Another way to put it: we have roughly 40K LoC for each architecture. You could start with a copy and probably wouldn't have to change every single line, but most of them.
Exactly what Bryan said: V8 generates machine code (think "on-the-fly compiler"), and that's architecture specific by definition. There's no way around that, it's not some optional optimization. It might be possible to reduce some overlap by restructuring the code, but it's difficult to say whether that'd be worth the effort.
Thanks to you both. No, i'm not suggesting that there be any optimization effort. i'm just curious. Most software dev managers would probably cringe at that amount of "duplication", but as you but say, it's not really duplication.

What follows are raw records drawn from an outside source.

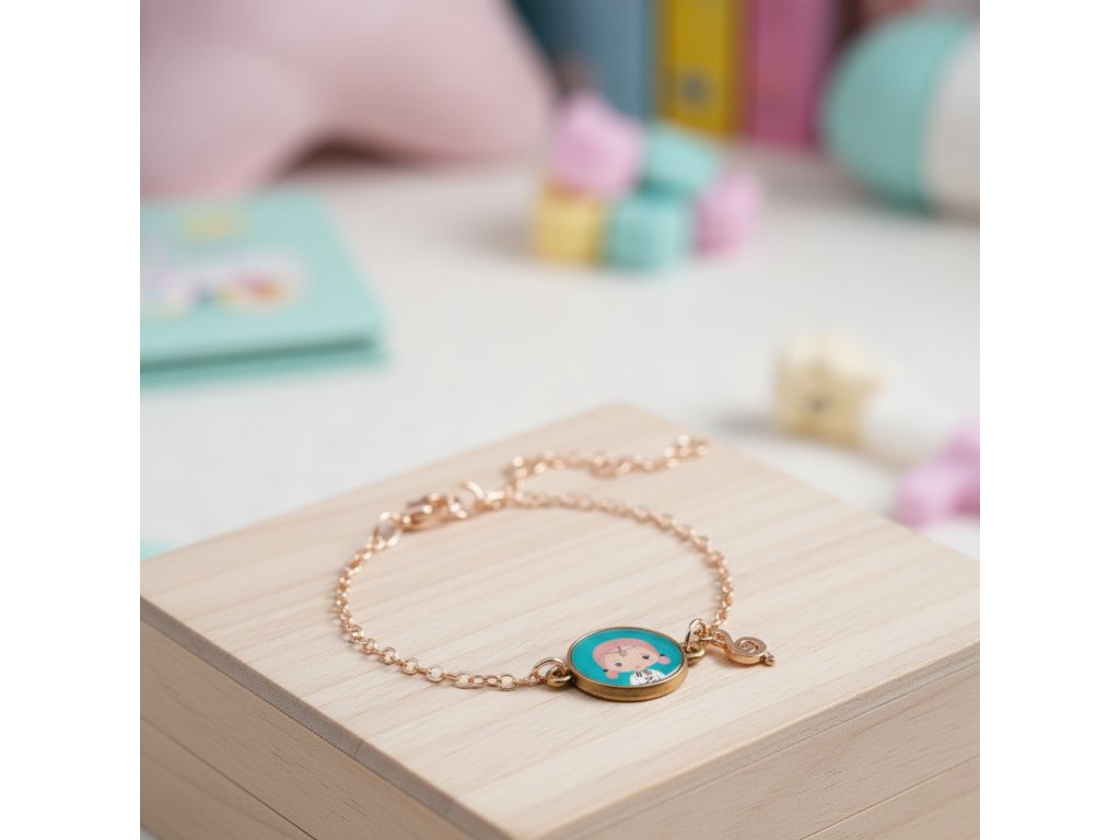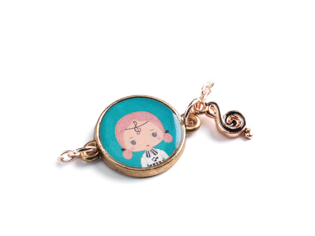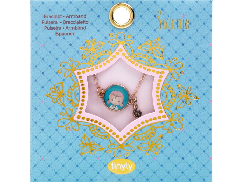 Tinyly náramok Sidonie Jemný náramok Tinyly s medailónikom SidonieTinyly náramok Sidonie je jemný detský náramok z kolekcie Tinyly. Na pozlátenej kovovej retiazke visí ilustrovaný medailónik s portrétom postavičky a k nemu ladiaca ozdôbka – prívesok v tvare husľového kľúča.Hudobný detail z neho robí náramok, ktorý pôsobí ľahko a elegantne – skvelý na každý deň aj na oslavu. Vďaka nastaviteľnému zapínaniu sa dá veľkosť jednoducho prispôsobiť detskému zápästiu.Rýchly prehľad odporúčaný vek: od 4 rokov typ: detský náramok s medailónikom a príveskom materiál: kovová retiazka (pozlátený vzhľad), ilustrované prvky dĺžka retiazky: cca 18 cm veľkosť medailónika: Ø 13 mm balenie: darčekové kartónové puzdro s okienkomPrečo si ho deti zamilujú jemný šperk, ktorý pôsobí „dospelácky“, no stále hravo medailónik s postavičkou Tinyly – každý model má svoj príbeh praktické zapínanie – náramok sa dá prispôsobiť krásny tip na malý darček (oslava, odmena, „len tak“)Obsah balenia 1× náramok (kovová retiazka so zapínaním) 1× ilustrovaný medailónik 1× prívesok (prívesok v tvare hudobnej noty (husľový kľúč))Technické parametre zapínanie: nastaviteľné (karabínka + očká) dĺžka retiazky: cca 18 cm medailónik: Ø 13 mm rozmery balenia: cca 9 × 9 × 0,2 cm
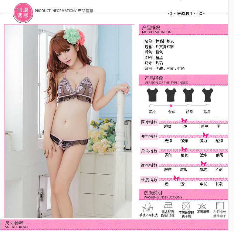性感蕾丝女士三点式情趣内衣 可爱粉色比基尼套装 诱人开裆内裤
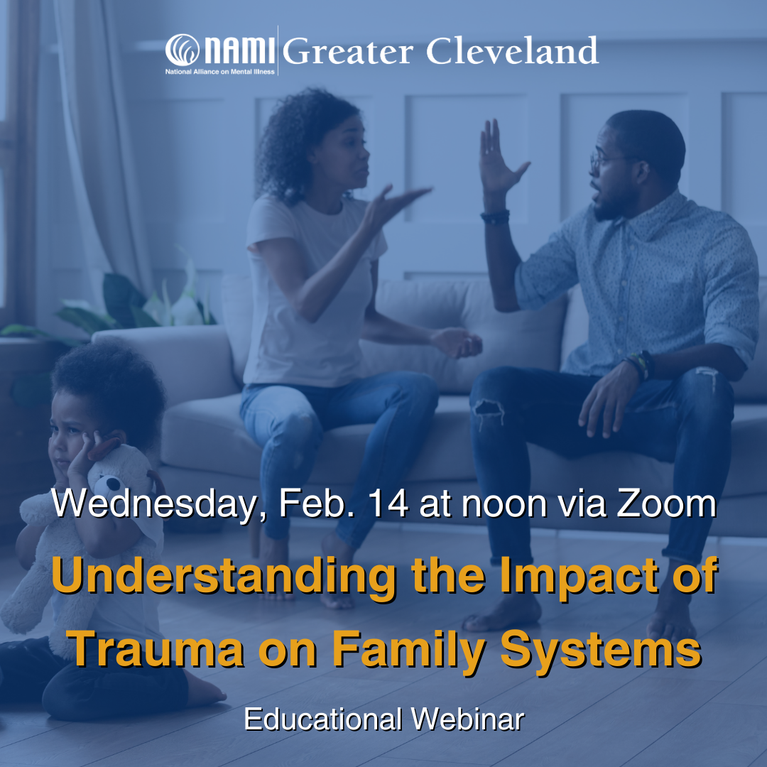 Family life comes with challenges and stress, and when ongoing distress, lack of resources, or tragic events occur, their impact extends to all family members. Understanding the signs, reasons, and basics of trauma's brain science is key to building resilience and aiding in recovery. Join NAMI Greater Cleveland on Wednesday, February 14, at 12 PM via Zoom for a session on Understanding the Impact of Trauma on Family Systems facilitated by Brian Strozewski, LPCC-S, CCAT, a professional clinical counselor and pyschoeducation presenter with NAMI Greater Cleveland, this presentation will provide an introductory overview of trauma on family systems. Additionally, attendees will learn foundational brain science of stress, trauma, and resilience, and apply information to understand how trauma affects families and relationships and what can be done to help families to be healthiest despite adversities.
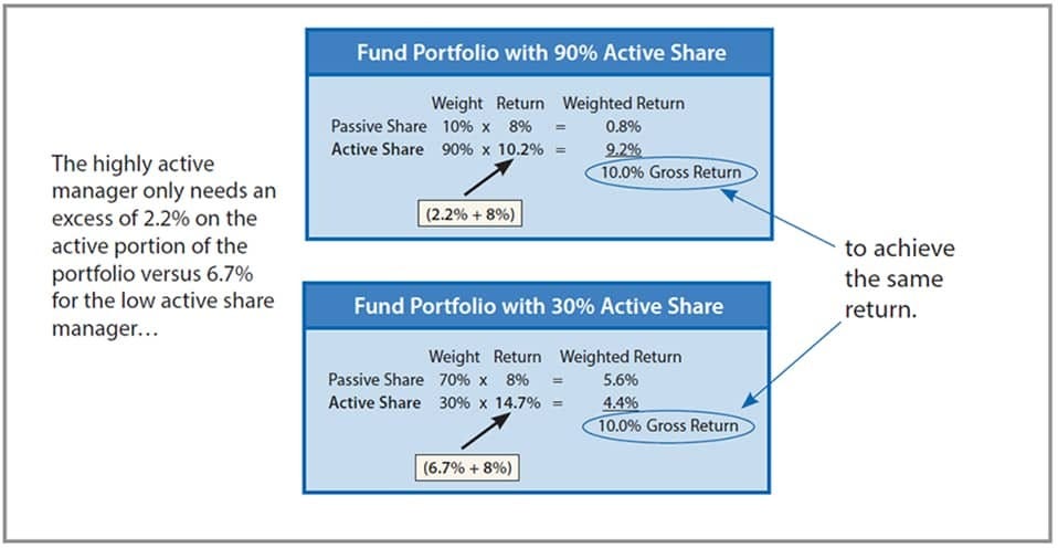 in this example, SOL would be considered a low active share position, while BSV would be considered high active share.
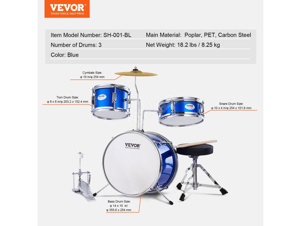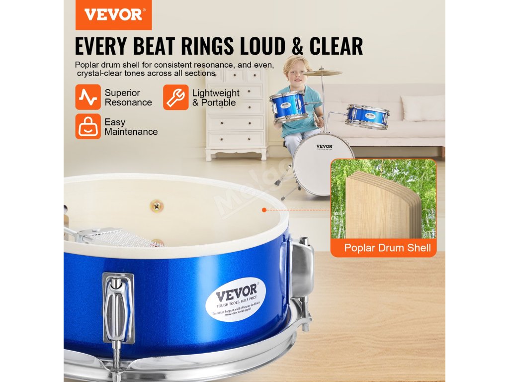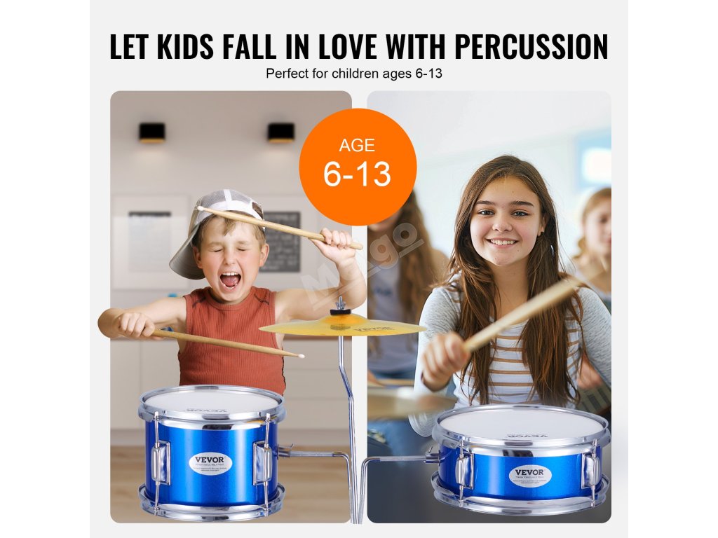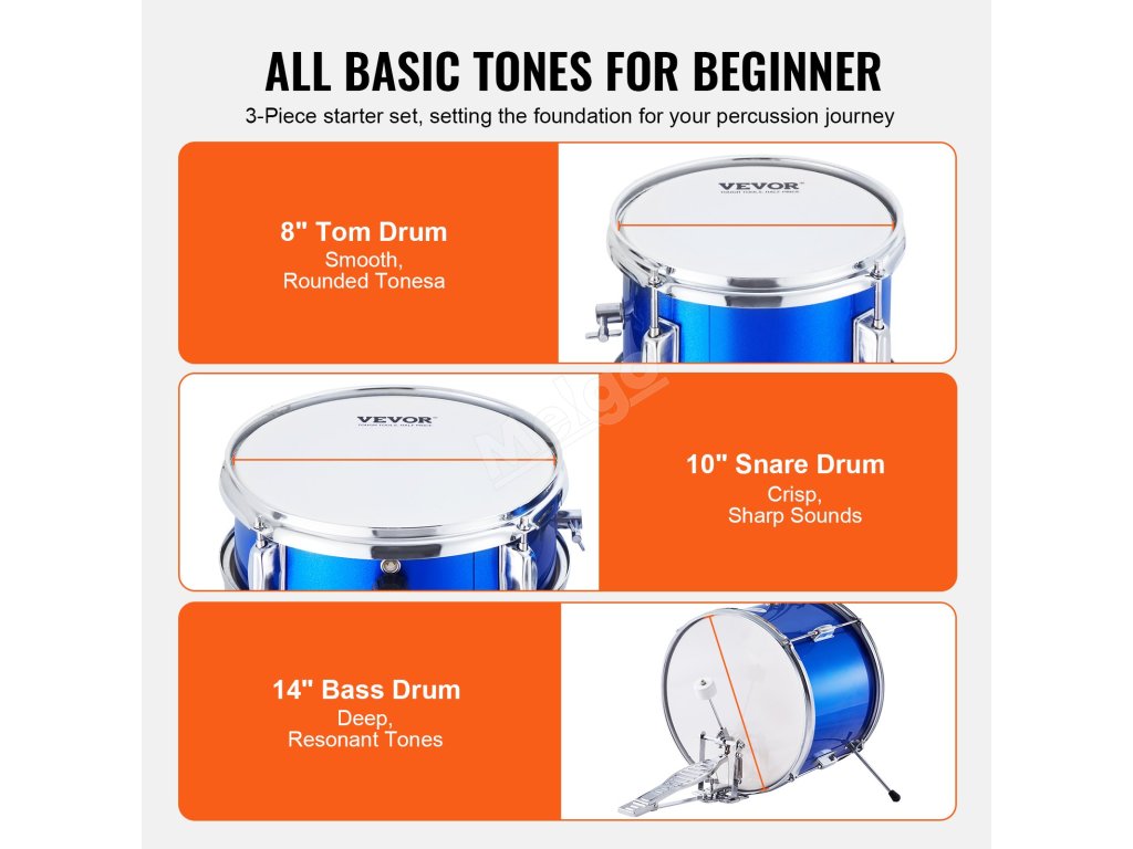 Naše dětská bicí souprava určená pro děti od 6 do 13 let obsahuje 8'' tom buben, 10'' snare buben a 14'' basový buben. Díky kvalitním topolovým korpusům a PET bubenickým hlavám mají naše bubny čistý a dynamický zvuk. Zvyšte hudební zážitek svého dítěte hned teď!

On Tue, Aug 30, 2011 at 5:17 PM, Stephan Beal <sgb...@googlemail.com> wrote:Thanks to you both. No, i'm not suggesting that there be any optimization effort. i'm just curious. Most software dev managers would probably cringe at that amount of "duplication", but as you but say, it's not really duplication.But it would be interesting to get your opinions: having developed v8 this way for so long, do you (as the developers) feel that the time spent in platform-specific code "would have been better spent" on instead writing a fast VM, as opposed to aggressively targeting the speed benefits of native code?
Again, i'm not arguing one way or the other, i'm just curious about how the devs feel about it. i was always surprised at the focus of generating machine-specific code, but as an old SpiderMonkey user i can say that the speed benefits of v8 are very visible to clients. (When i first did some simple benchmarks on v8, i compared it to my older SpiderMonkey code and function calls in tight loops were 200 _times_ faster on v8.)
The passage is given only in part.